In 1960, I was a final-year apprentice at DeHavilland Propellors, Lostock, United Kingdom. My project with a colleague was to evaluate the nitriding process for the DeHavilland Aircraft Group. It was at that time that the subject of nitriding chose me.
No matter where I have been, in the United Kingdom, South Africa, and now the United States, the subject of nitriding has followed me. Yet each time that I have researched the subject, I have found very few resource materials available. Unlike carburizing, for example, the subject of nitriding has had very few reference books or “cook books” written on the subject. A few books include a chapter or two on nitriding, and some conference papers are available in proceedings volumes. Up to now, however, there has not been a practical “how to” or “why to” book available on the subject.
In 1991, Rodney Allwood of the ASM Education Department urged me to present a one-day class on nitriding and somehow got me to agree. Despite feeling that I did not know enough to pull it off, to my surprise I was able to put together the notes for that course. This was the foundation for a book on nitriding. Mrs. Veronica Flint of the ASM Reference Publications Department challenged me to write such a book and, with her tremendous patience and persistence, forced me to find the time to put pen to paper.
Many books are dedicated to husbands, wives, children, or even dogs and cats (we have 8!). I can only dedicate this book to the young heat treater or metallurgist who is coming into the industry and to my colleagues who have, without exception, given me tremendous encouragement.
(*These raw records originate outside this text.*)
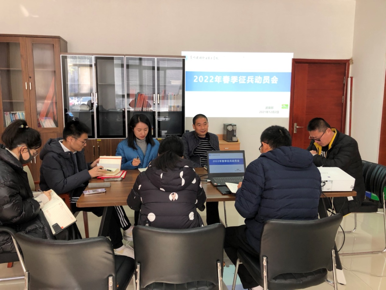 12月2日上午,学院武装部召开2022年春季征兵动员会,各二级学院征兵工作专员参会,会议由武装部负责人主持。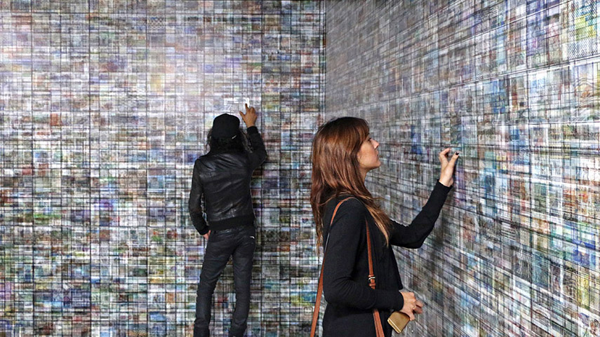 « Au début de ce siècle, une structure s’affirma progressivement, d’abord en France, puis en Russie et en Hollande. Elle est depuis restée dans le domaine des arts visuels l’emblème de l’ambition moderniste. Apparue dans la peinture cubiste d’avant-guerre pour devenir toujours plus rigoureuse et manifeste, la grille annonce, entre autres choses, la volonté de silence de l’art moderne, son hostilité envers la littérature, le récit et le discours [5] », nous dit Rosalind Krauss. De la grille, Pascal Dombis recherche les occurrences par l’image sur l’Internet pour les assembler par dizaines de milliers à même les murs des espaces qu’il investit avec son installation participative Mixed_Grill(e). Entrelacées toutes ensemble, elles forment une surface que le public, équipé de plaques lenticulaires, scrute afin d’en extraire de multiples lectures. La main, une fois encore, joue un rôle essentiel en survolant cette base de données murale dont le matériau lenticulaire nous renvoie aux premières expérimentations qu’Andy Warhol effectua à la fin des années soixante au sein de l’Art and Technology Program [6] initié par Maurice Tuchman au Los Angeles County Museum of Art. C’était une autre époque mais, déjà, les artistes s’emparaient des innovations technologiques de leur temps. La pratique de Pascal Dombis, s’articulant ici autour de l’appropriation des images, s’inscrit dans la continuité du mouvement pop art, mais à une ère post-Internet, et par conséquent délègue tout de ce qui relève du choix aux machines. Ses grilles ou trames sont algorithmiques, mais il en préserve la radicalité qu’il oppose ainsi au récit dans sa linéarité.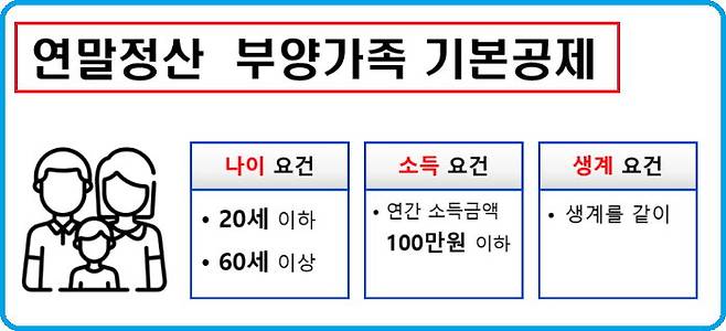 15일부터 연말정산 간소화 서비스가 제공되었다. 요즈음은 국세청이 원천징수 의무자인 회사에 연말정산 간소화 서비스를 통해 연말정산서류를 자동으로 통보해 준다. 따라서 근로자들은 자료제출 없이 관련된 내용만 점검하면 된다. 연말정산에서 부양가족 공제(인적공제)를 받기 위해서는 소득, 나이, 생계라는 세 가지 요건을 모두 충족해야 한다. 부양가족 기본공제 요건에 해당되면 1인당 150만 원의 인적공제를 받을 수 있다. 배우자는 나이조건은 없으나 소득요건은 연 소득 100만 원 이하의 요건을 만족해야 한다.

I want to remember my colleagues in South Africa, where to a large extent I learned my trade. Without that 20 years experience in South Africa, I could not do what I am doing today. I also want to remember my colleagues at DeHavilland Propellors with whom I worked from 1956 to 1963, especially Wally Simms, our foreman (now deceased), who had the foresight and tenacity to fight to bring apprentices into the world of heat treatment and the DeHavilland Propellers (now British Aerospace) apprentice program; Bill Oddey, our heat treatment superintendent; Joe Aspinall, our metallurgist; and Alex Thexton, our chemist (who sold me his briefcase, which I still have), who is now somewhere in Australia. We will always be grateful to Paul Huber at Seco Warwick, who brought my family and me to the United States, and I thank my other colleagues there.
I would also like to dedicate this book to all those who have gone before me whose work in the field of nitriding has brought the process to maturity. I stand humbly before all of them and thank them for this opportunity.
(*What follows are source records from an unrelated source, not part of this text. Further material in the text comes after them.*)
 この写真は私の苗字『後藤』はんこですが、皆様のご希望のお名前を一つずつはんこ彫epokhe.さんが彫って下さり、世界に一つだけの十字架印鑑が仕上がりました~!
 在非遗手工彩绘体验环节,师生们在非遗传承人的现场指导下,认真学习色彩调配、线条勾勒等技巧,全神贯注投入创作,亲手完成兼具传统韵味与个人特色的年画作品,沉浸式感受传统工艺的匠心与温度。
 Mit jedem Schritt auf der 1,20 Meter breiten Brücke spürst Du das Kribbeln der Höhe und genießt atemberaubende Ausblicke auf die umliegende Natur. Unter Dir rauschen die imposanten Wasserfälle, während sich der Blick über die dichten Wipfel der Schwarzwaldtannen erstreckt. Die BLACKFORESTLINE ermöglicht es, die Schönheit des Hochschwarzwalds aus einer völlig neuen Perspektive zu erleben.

For help and growth in the field of pulsed plasma nitriding, I give thanks to Dr. Siegfeid Stramke in Germany. I especially would like to recognize Dr. Reinar Grun, who has put up with me, debated with me vigorously, and helped me learn the subject. He is a man whom I hold in great respect in the field of plasma physics.
I would like to acknowledge both George Totten and Maurice Howes for being mentors to me and for their very positive encouragement. Their support has been a privilege and continues to be a very rewarding experience.
I would like also to acknowledge Grace Pye. She always believed that I was capable of “going on my own.”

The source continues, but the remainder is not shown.